In [2]:
%load_ext autoreload
%autoreload 2
import numpy as np
import xarray as xr
from matplotlib import pyplot as plt
import pandas as pd
import sys
sys.path.append('/home/onno/Thesis/Scripts')
import my_tools
from my_tools import plot_dic, file_dic
%matplotlib qt

In [3]:
#set path
path = '/media/onno/Algemeen/Thesis/GFS_T850/'

In [4]:
#loading GFS and ERA5 data for specific box 
file_gfs = 'gefsrf2_fldmean_t850_control0-252h_24hourly_lon_6_12_lat_52_46.nc'
file_era = 'era51_fldmean_mars_t850_79-19_24hourly_lon_6_12_lat_52_46.nc'
file_clim_p90 = 'era51_mars_t850_79-19_24hourly_90p_lon_6_12_lat_52_46_SMOOTHED.nc'
file_clim_p10 = 'era51_mars_t850_79-19_24hourly_10p_lon_6_12_lat_52_46_SMOOTHED.nc'
gfs = xr.open_dataset(path+file_gfs,decode_times=False).squeeze()
#set gfs time data to datetime object
init_time_gfs = pd.Timestamp('1800-01-01')
gfs['time'] = [pd.Timedelta(i,'hours')+init_time_gfs for i in gfs.time.values]
gfs['lead'] = gfs['lead']//24
#group forecast by lead time and take daily means
gfs = gfs.sel(lead=slice(0,9)).groupby('lead').mean()
era = xr.open_dataset(path+file_era).squeeze()
#load percentile climatology.
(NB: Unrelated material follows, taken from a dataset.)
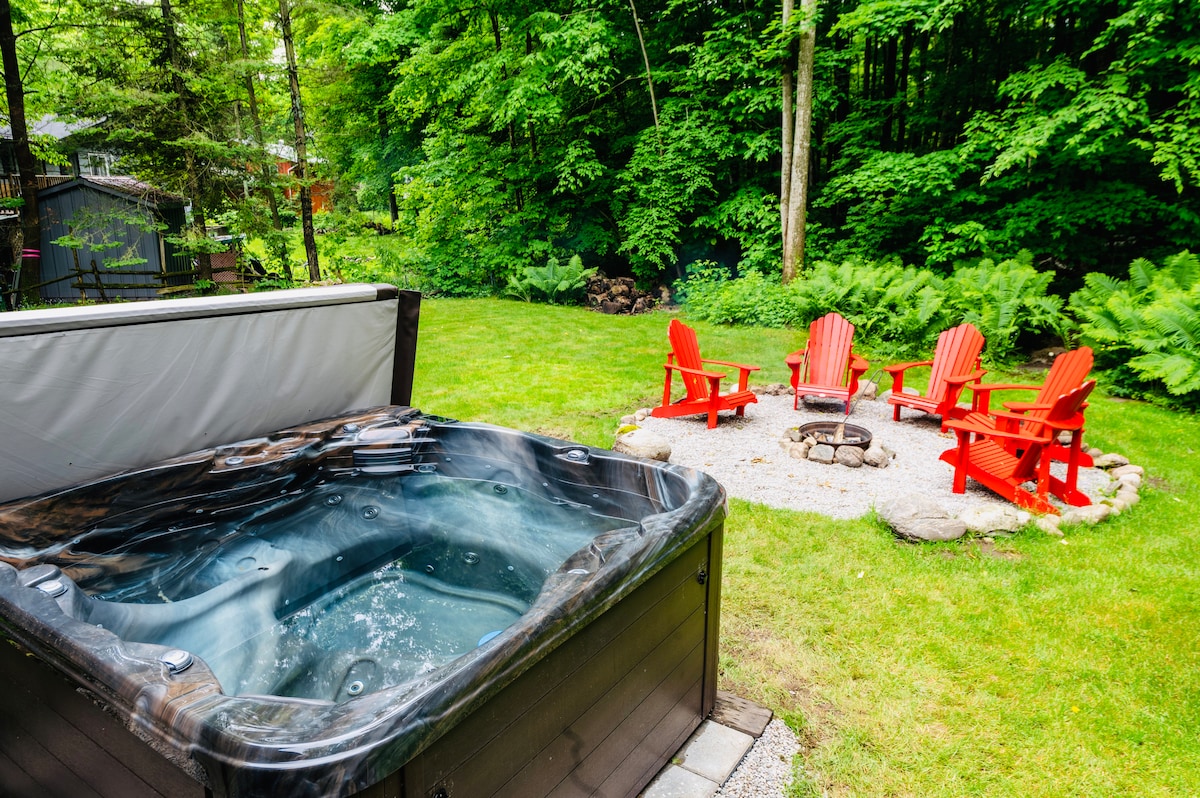 舒適的小木屋,配有按摩浴池、桑拿房、熱瑜伽工作室。

For convenience I set the data to all days in the leap year 2016. That has no further effect on the data
clim_p90 = xr.open_dataset(path+file_clim_p90).squeeze()
clim_p90['time']=pd.date_range('2016-01-01',"2016-12-31")
clim_p10 = xr.open_dataset(path+file_clim_p10).squeeze()
clim_p10['time']=pd.date_range('2016-01-01',"2016-12-31")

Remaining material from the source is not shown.